By Joe Kiarie | January 24th 2015

Johnson Kivuti makes no attempt to hide his bitterness. He shakes with anger when describing how he slid from a luxurious life to utter destitution after losing his retirement benefits in a pyramid scheme.

The elderly man’s voice fades away as he recounts the subsequent loss of his wife and son, and the disappearance of another son, all as a direct result of the investment gone wrong.

For 12 years, Kivuti (pictured) worked for the General Service Unit (GSU). He resigned in 1987 while holding the rank of a Major to join Lonrho Africa as the security supervisor, before retiring in 2004.

He proceeded to secure a mortgage for a house worth Sh1.8 million in Nairobi’s Umoja One estate in 2005. The following year, he invested Sh1 million in Kenya Business Community Sacco Ltd, hoping he could use the credit services on offer to service the mortgage and educate his children.

But he was in for a rude shock. “The scheme went under in 2007, and all my efforts to get my money back failed,” he laments.

Before long, Kivuti’s world started crumbling down: “I had defaulted in making mortgage payments for several months. “With a balance of Sh700, 000, the National Housing Corporation auctioned the house and all my household items in November 2007.”

The devastation soon turned tragic:  “My wife, Lucy Ireri, had been greatly disturbed by bad news. On the day the house was auctioned, she collapsed and was admitted at Kenyatta National Hospital where she died on the first night.”

His eldest son, Joseph Gichovi, 21, was then a Fourth Year student at the Kenya Medical Training College (KMTC) in Nairobi. He needed Sh80,000 to complete his studies. “I could not raise the money and he committed suicide in Buruburu estate,” notes a visibly-shaken Ireri.

His second-born son, Suleiman Nyaga, had been admitted to KMTC Nakuru where he was to report in early 2008.

“I told him one afternoon that I could not afford his school fees. That was the last time I saw him. I don’t know whether he is dead or alive,” he states.

After the traumatising burial of beloved family members, a broke and homeless Ireri was left with no option but to resign to his rural village in Gatondo Mwana Wa Giti Location, in Manyatta Constituency, Embu County.

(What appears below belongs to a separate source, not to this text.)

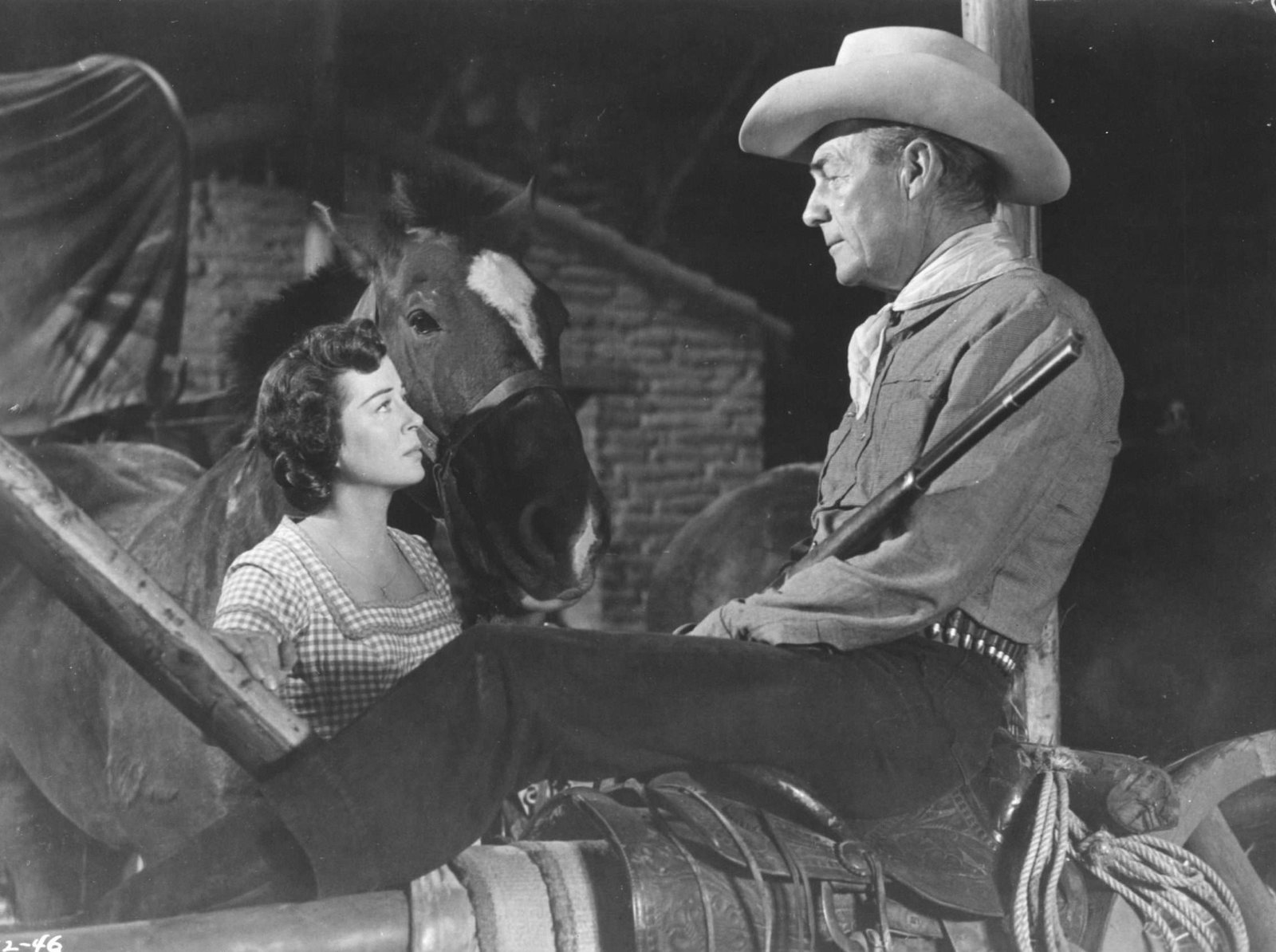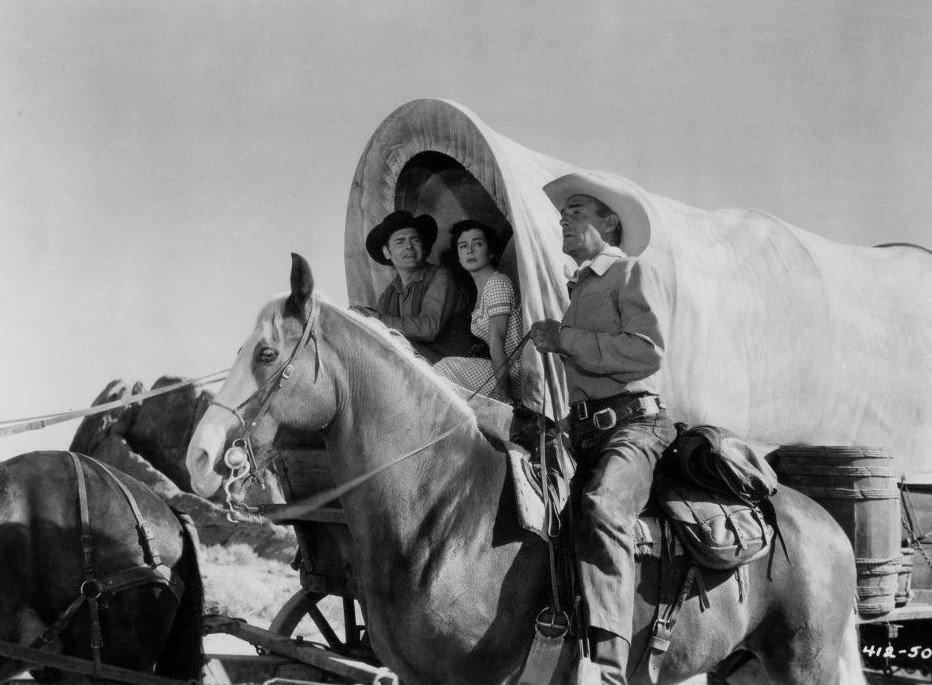 La película es el camino montañoso, rocoso, desértico que atraviesan. Vemos por primera vez el pueblo al que se dirigen cuando ya van cuarenta y cinco minutos del metraje, y aún faltan cinco asesinos por liquidar. Mientras, ha crecido entre los viajeros una curiosa tensión que se centra en Annie Greer (la bella Gail Russell), la mujer que con su esposo viaja en la carreta desde Kansas buscando establecerse en el Oeste. Ella se convierte sin saberlo en objeto de deseo, ante la debilidad y torpeza que muestra su marido. Stride la admira en silencio, mientras Masters (Lee Marvin) está dispuesto a lo que sea con tal de quedarse con sus afectos, así sea forzándola, así sea dejándola viuda. Esa carreta cubierta y sus dos habitantes representan el hogar, la pureza, el futuro, el progreso que Stride prometió defender y que ahora se ven amenazados por Masters y sus malas intenciones para con la mujer.

Here, he did not have a house and to add to the agony, he had with him his last-born son, Robert Kariuki, then in Standard Three. For months on end, father and son ended up taking refuge under a tree on their farm, with polythene papers the only roof over their heads. That was until Bishop Paul Kariuki of the Embu Catholic Diocese came to their rescue, and constructed for them a mud-walled house that they live in today.

The frail Kivuti has since been out of hospital with hypertension among other diseases. His son, depends on well wishers for his education.